◆ Data supplied ◆
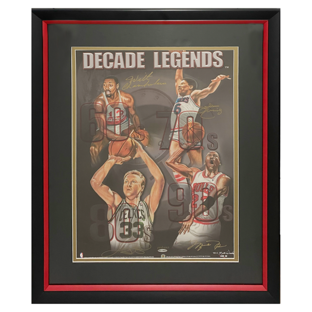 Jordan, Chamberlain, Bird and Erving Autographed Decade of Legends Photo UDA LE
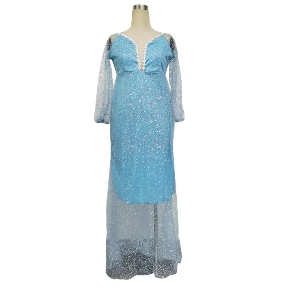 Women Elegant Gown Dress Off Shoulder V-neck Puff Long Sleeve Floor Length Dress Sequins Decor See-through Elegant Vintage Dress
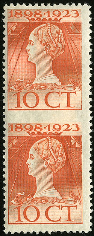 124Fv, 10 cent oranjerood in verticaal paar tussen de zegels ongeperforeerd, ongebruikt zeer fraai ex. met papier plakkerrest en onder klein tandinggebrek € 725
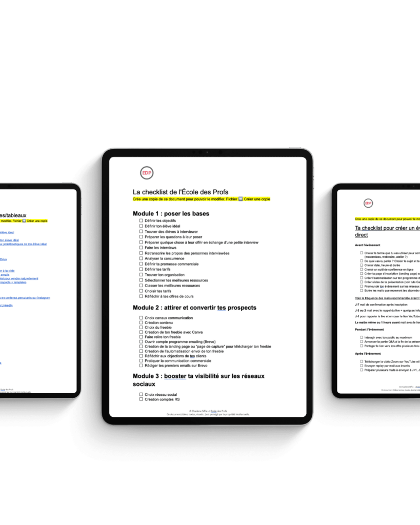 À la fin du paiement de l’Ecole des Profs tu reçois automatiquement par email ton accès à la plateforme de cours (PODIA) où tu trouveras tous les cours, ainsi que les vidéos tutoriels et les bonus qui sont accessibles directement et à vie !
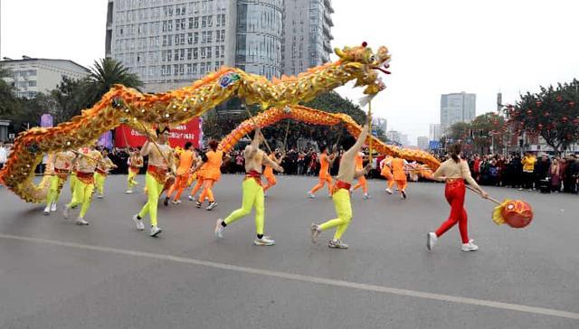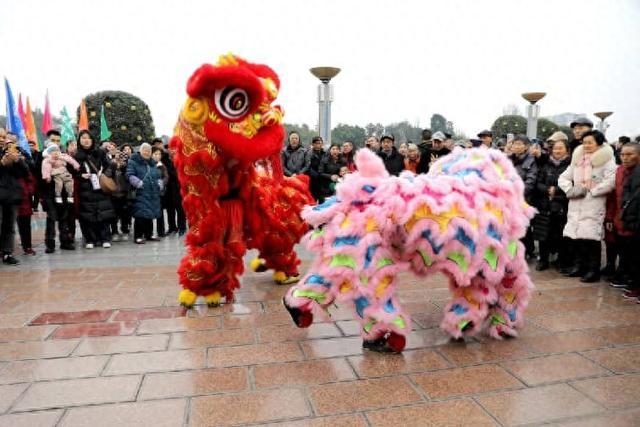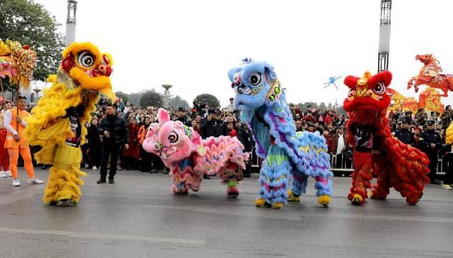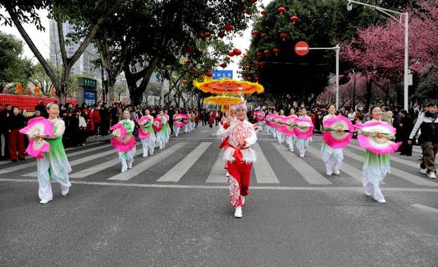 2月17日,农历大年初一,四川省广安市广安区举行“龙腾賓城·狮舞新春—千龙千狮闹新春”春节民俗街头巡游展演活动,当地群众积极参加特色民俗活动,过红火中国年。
--
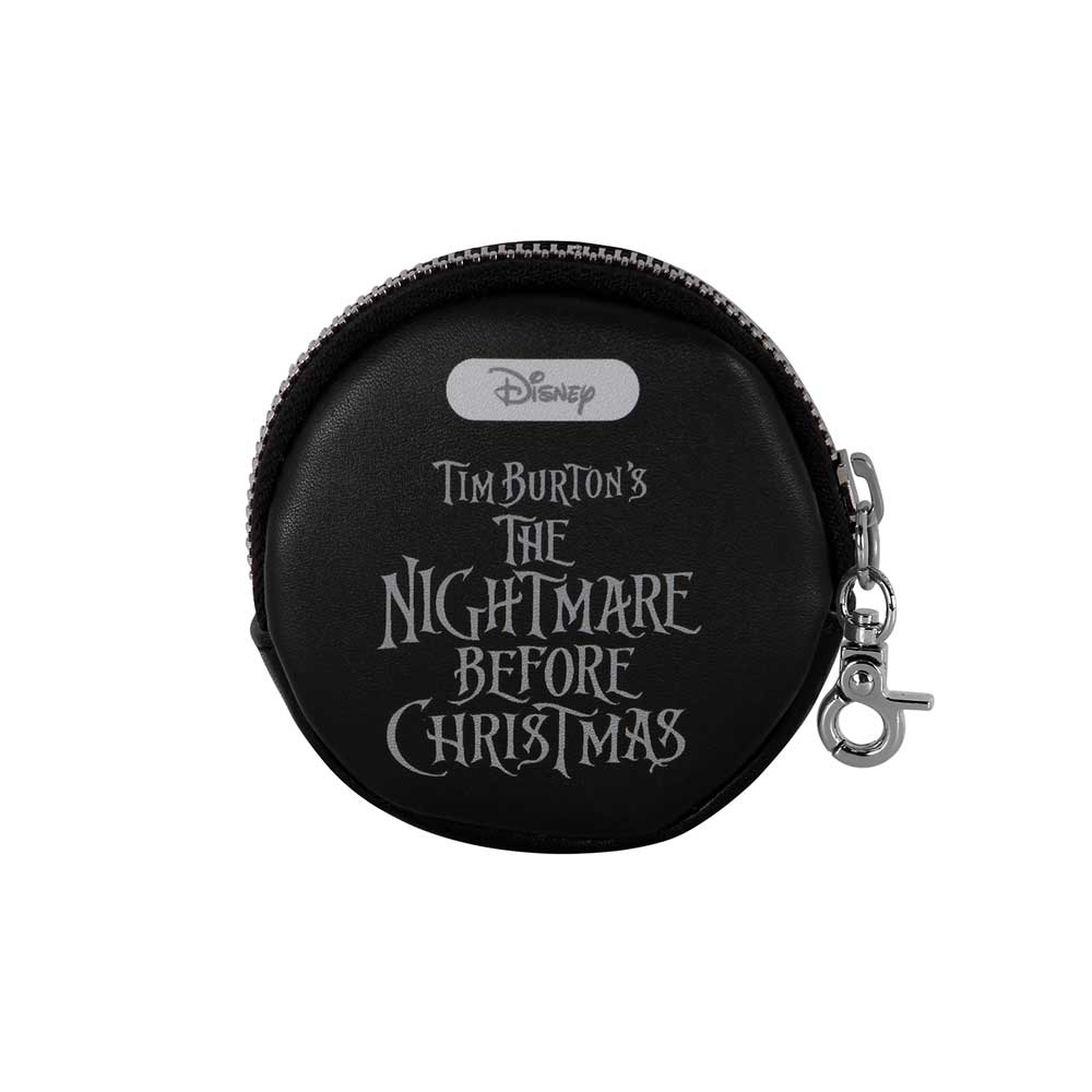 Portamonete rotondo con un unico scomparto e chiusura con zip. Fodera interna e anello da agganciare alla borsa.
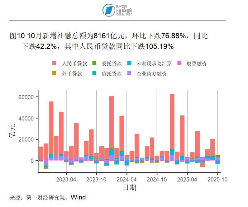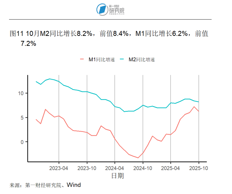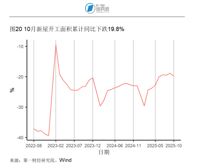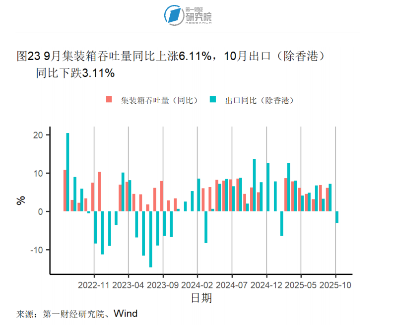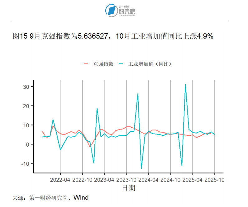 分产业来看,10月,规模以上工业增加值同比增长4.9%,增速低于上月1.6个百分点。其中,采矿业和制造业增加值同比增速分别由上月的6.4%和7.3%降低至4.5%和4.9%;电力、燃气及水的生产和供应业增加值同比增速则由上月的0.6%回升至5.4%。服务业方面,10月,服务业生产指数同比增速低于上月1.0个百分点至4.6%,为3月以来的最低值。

◆ Assigned task ◆
Copy the entries above exactly, but only the stretch from the line containing "Jordan, Chamberlain, Bird" through the line containing "Women Elegant Gown". Keep both end lines; drop the pictures.

◆ Response to the task ◆
 Jordan, Chamberlain, Bird and Erving Autographed Decade of Legends Photo UDA LE
 Women Elegant Gown Dress Off Shoulder V-neck Puff Long Sleeve Floor Length Dress Sequins Decor See-through Elegant Vintage Dress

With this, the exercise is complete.